In 1543 Copernicus gave the establishment of his day a bloody nose by proposing that the best explanation for the observed motions of the stars and planets was to picture the sun, not Earth, as the center of known space. He had the prudent good sense to promptly die. Sixty years later the Vatican kayoed two astronomers who forced the point more aggressively: it burned Giordano Bruno at the stake and caged Galileo until he threw in the towel (while angling for a rematch with a mumbled “Eppur si muove”). Nevertheless, the facts were on the scientists’ side. Astronomers now develop their theories mindful that Earth most likely occupies an ordinary, unprivileged place in the cosmos.

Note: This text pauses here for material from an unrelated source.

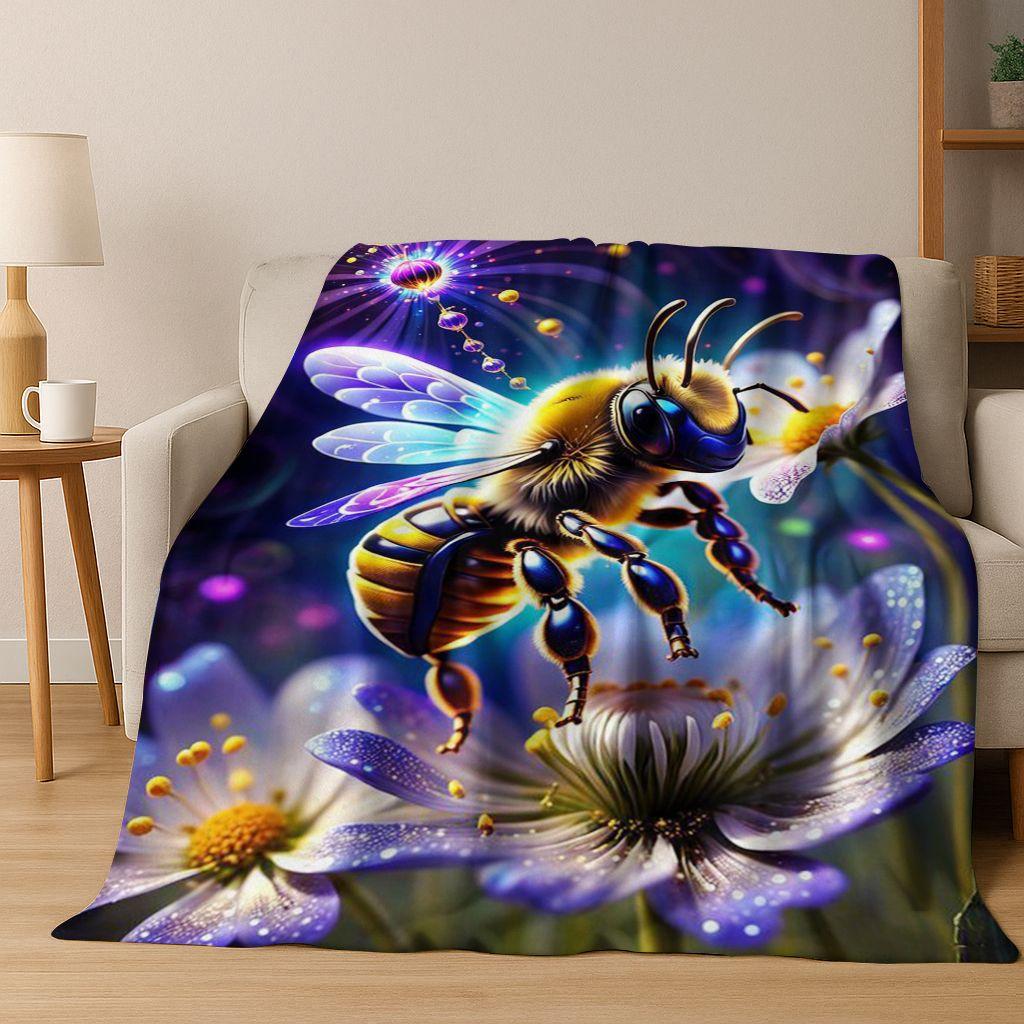 Cute Cartoon Bee HoneyBee Insect Art Flannel Blanket,Cozy Soft Throw Blanket for Home Bedroom Bed Sofa Picnic Cover Gift Kids

So 11 years ago, when astronomers suddenly realized that the universe was not merely expanding but accelerating in its expansion, most of them concluded that some otherwise undetectable antigravity force,a “dark energy,” was shoving apart galaxies. An alternative possibility, however, can explain the observations as a fluke of cosmological geometry. It avoids invoking dark energy as an ad hoc cause but at the price of throwing out the Copernican principle: roughly speaking, it puts Earth, or at least our galaxy, back at the center of the observable universe. Timothy Clifton and Pedro G. Ferreira explore that idea in “Does Dark Energy Really Exist?

Even if the Copernican principle’s application to cosmology is subject to amendment, its application to other areas of science, notably biology, remains robustly well supported. (The second rule of the Copernican principle is, Do not talk about the Copernican principle...) It can nonetheless offend humans’ self-importance: witness creationists’ ongoing push-back against the evolutionary concept that people are simply another type of animal.

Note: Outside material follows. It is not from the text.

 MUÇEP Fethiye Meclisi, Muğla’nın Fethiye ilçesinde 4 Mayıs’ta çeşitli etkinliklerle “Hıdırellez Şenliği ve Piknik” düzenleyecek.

And yet biological evidence of our kinship with other creatures is everywhere we look. Gerald H. Jacobs and Jeremy Nathans reveal the literal truth of that statement in “The Evolution of Primate Color Vision”. Humans, apes and monkeys see a range of colors that other mammals do not; more tellingly, the genetic and biomolecular details of how humans and Old World primates (to whom we are most closely related) see color are different even from those of their New World cousins.

Our relatedness to other animals also leaves us with some common vulnerabilities. When an evolving viral disease hops a species barrier, it can sometimes cause horrific infections. Virologist Nathan Wolfe proposes in “Preventing the Next Pandemic” that health authorities monitor the status of animal diseases on the verge of leaping to humans. That fight is one we do not want to lose.